The idea is to tile the genome by overlapping regions even though we do not know the genome in advanceassemble each of these in turn, then glue all these local assemblies together to form one big assembly of the entire genome. The results of the algorithm depend on the variation in the size of the DNA fragments. Table 2 illustrates how the number of paths connecting a given read pair can vary, both across pairs and also as a function of the standard deviation SD in the size of the DNA fragment.
First, consider walking across read pairs using reads from the entire E. Number of read pair closures in E. The table shows the histogram of the number of closures found per read pair, for each of two choices of library SD, and for each of two strategies.
Rows give the nonoverlapping closure count ranges. In the first strategy, reads from the entire genome are used in the walk. In the second strategy, we picked kb regions and walked short fragments from them using only the reads within a given region. Dde strategy 2, we used randomly chosen kb regions and short fragments from each.
It is possible for a pair to be reported as having zero closures because whereas we searched for closures having no more than 3 SDs of stretch, the underlying distribution of fragments includes some that are stretched more.
It is also possible that zero closures could result from lack of coverage, although this would be a rare event. These read pairs having large numbers of closures pose a complex series of problems. First, the number of closures could easily be so large that it would be impossible to store them, let alone compute them. More importantly, even if we could compute all these closures, rewds would be no way to sort them out so as to ultimately yield a usable and relatively untangled final answer for the assembly.
Finally, since we cannot compute, store, or use such a gargantuan set of closures, the algorithms must be designed to terminate in the worst cases, thereby failing to return any closures at all.

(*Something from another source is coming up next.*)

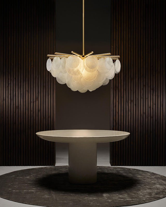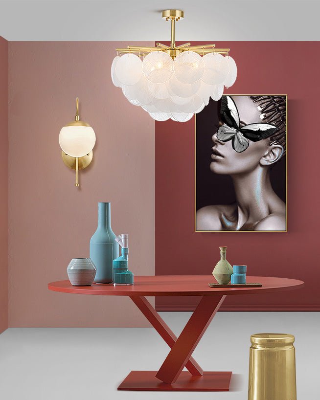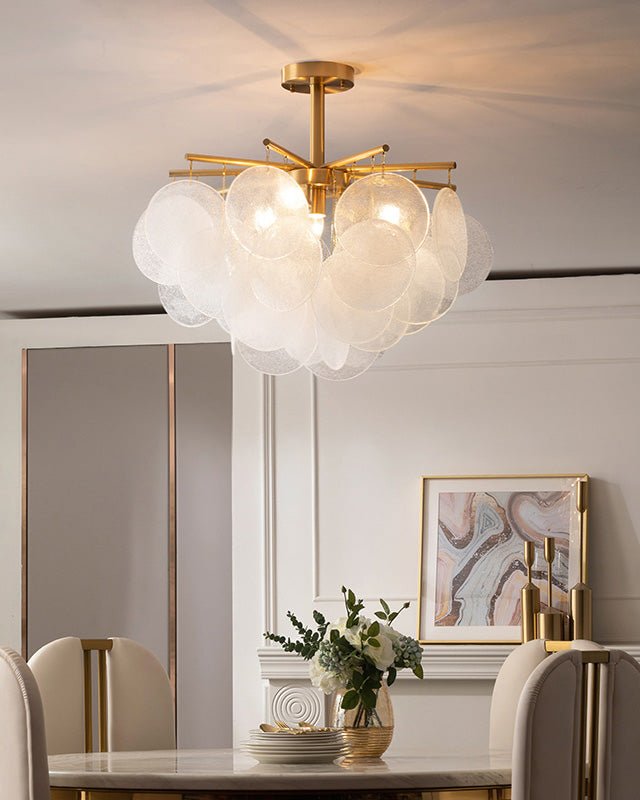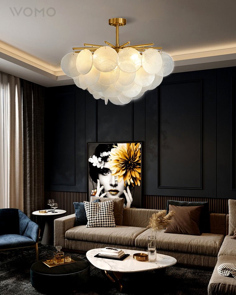 Each piece of glass of the Cloud Chandelier is hand-formed by our artisans using a process where undulations and crystal-like textures form. The translucent glass is complemented and beautifully framed by the symmetrical metalwork, with its chic and unique features, it surely be the focal point of any room as a modern art deco and adds elegance to any indoor space, from living rooms and bedrooms to restaurants and foyers.

This will lead to holes in the final assembly, generally in the most repetitive places. Indeed, if we always found all paths, we would expect assemblies to have ambiguities rather than errors, in all cases.
One approach to this problem of too many closures is to localize the qssembly, so that only reads from the correct region are used to construct closures.
Table 2 offers an optimistic preview of how well this might work: If we could localize, then the all paths problem would become much simpler. The right half of Table 2 reports the mirco that would be obtained if one could use only reads from a kb region containing the read pair. The unipath computation ignores the pairing of reads. Now with the unipaths and read pairs in whol-egenome, we are ready to localize.
The ideal seed unipaths are long and of low copy number ideally one. Copy number is inferred from read coverage of the unipaths.